In the entries below, find the line with "313Selling a Summer" and the line with "CMSP TEST –"; reproduce those two lines and all lines between them exactly, without pictures.

★ ★ ★ ★

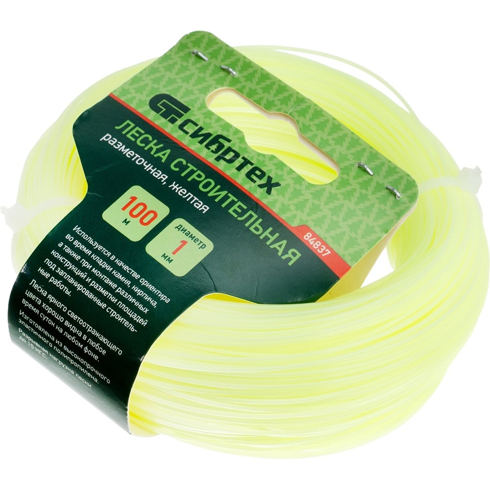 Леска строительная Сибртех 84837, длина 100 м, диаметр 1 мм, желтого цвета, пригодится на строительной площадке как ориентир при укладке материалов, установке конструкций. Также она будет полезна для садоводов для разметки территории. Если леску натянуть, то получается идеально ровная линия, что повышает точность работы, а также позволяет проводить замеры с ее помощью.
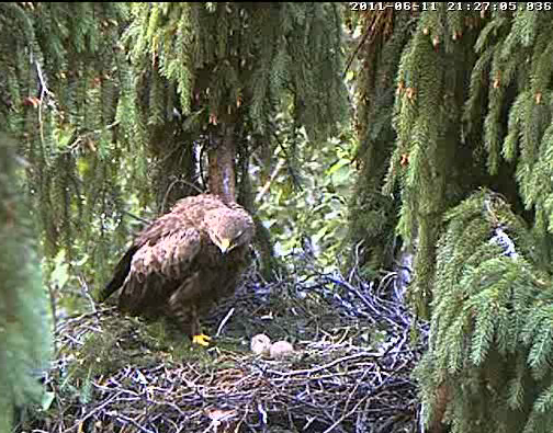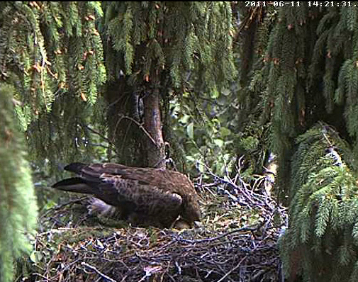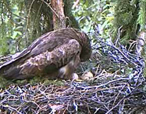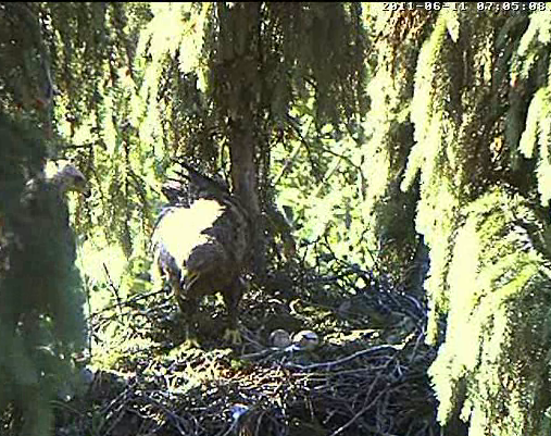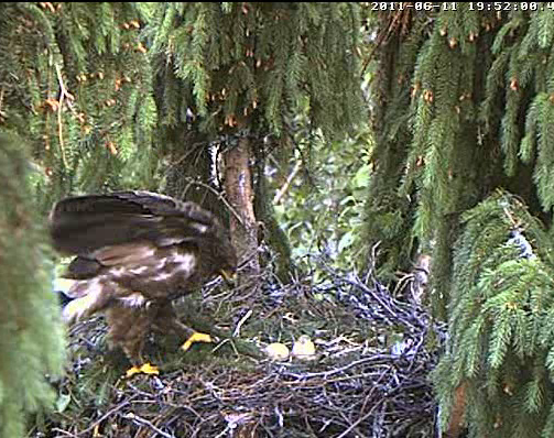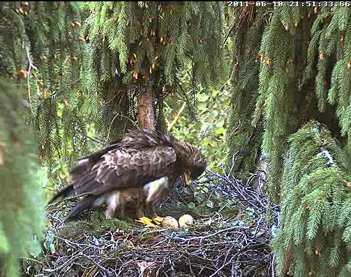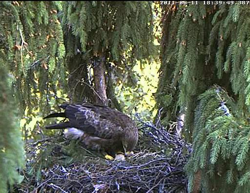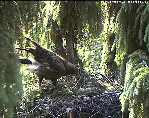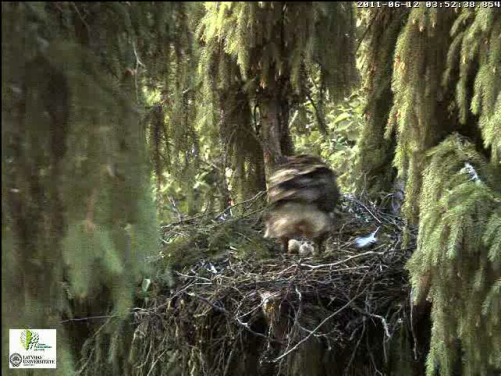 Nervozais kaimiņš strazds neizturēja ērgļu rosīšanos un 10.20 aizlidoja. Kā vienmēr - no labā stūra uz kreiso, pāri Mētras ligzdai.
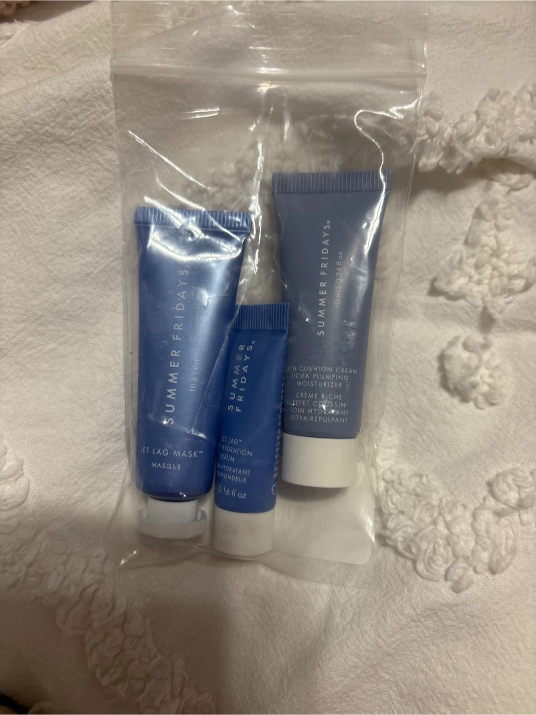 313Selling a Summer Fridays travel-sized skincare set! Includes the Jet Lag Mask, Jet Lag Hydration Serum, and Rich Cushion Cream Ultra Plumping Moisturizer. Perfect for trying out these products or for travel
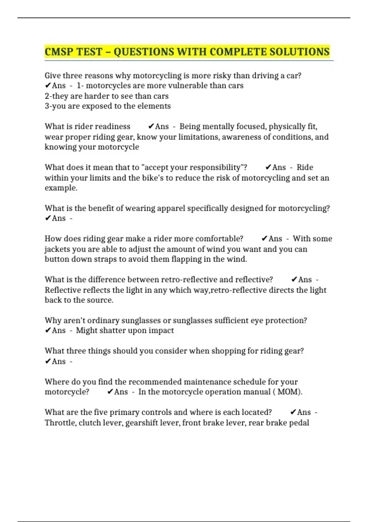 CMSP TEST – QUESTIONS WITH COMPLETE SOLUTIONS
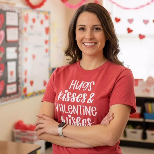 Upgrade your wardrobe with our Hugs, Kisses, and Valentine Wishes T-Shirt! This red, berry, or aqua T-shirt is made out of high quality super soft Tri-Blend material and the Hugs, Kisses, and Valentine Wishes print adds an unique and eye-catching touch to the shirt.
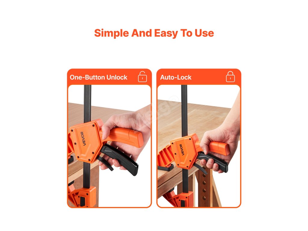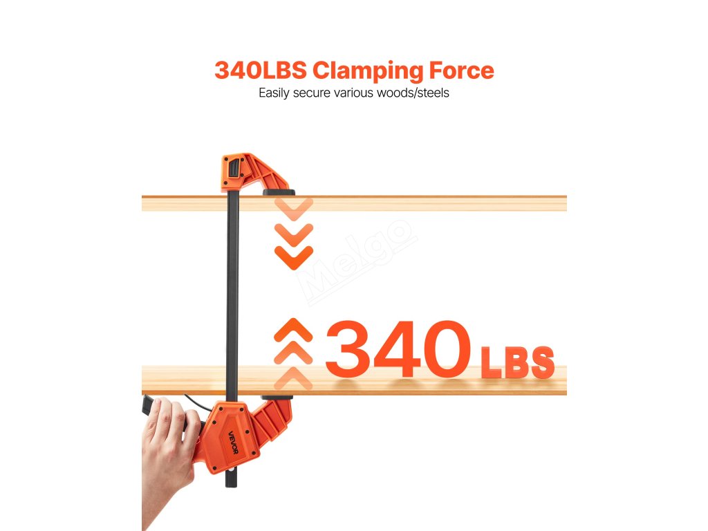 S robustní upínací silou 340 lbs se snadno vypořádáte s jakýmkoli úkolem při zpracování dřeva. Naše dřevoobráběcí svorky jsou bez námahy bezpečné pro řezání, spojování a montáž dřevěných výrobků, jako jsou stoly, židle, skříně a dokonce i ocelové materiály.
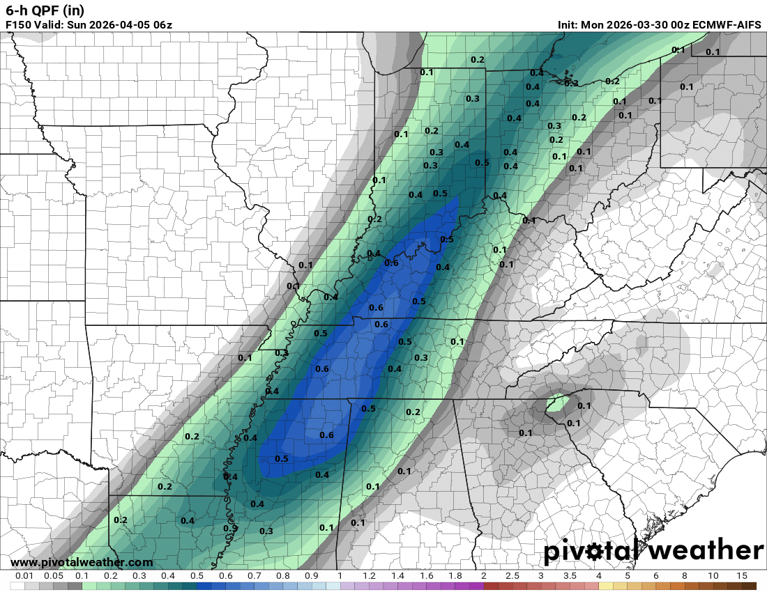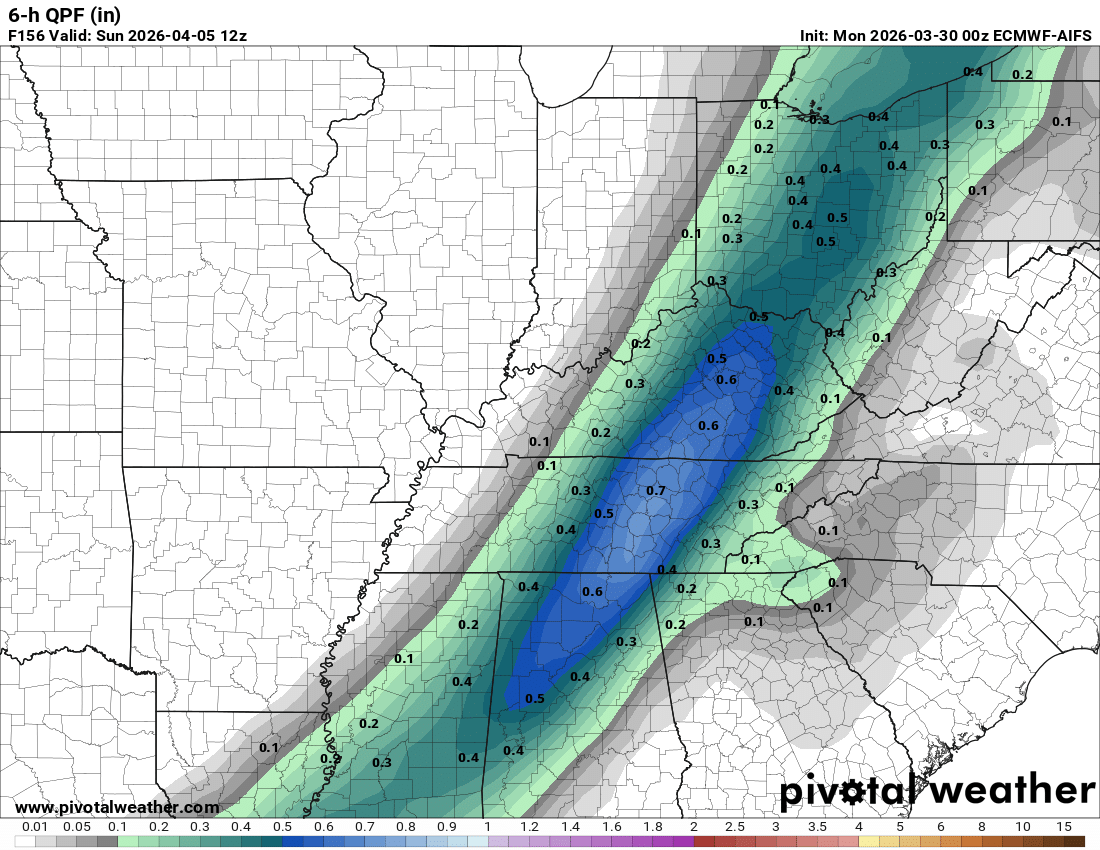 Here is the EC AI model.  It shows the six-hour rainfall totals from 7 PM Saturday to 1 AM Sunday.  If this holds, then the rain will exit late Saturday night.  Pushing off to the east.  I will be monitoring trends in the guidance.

★ ★ ★ ★

WORKED SOLUTION:
 313Selling a Summer Fridays travel-sized skincare set! Includes the Jet Lag Mask, Jet Lag Hydration Serum, and Rich Cushion Cream Ultra Plumping Moisturizer. Perfect for trying out these products or for travel
 CMSP TEST – QUESTIONS WITH COMPLETE SOLUTIONS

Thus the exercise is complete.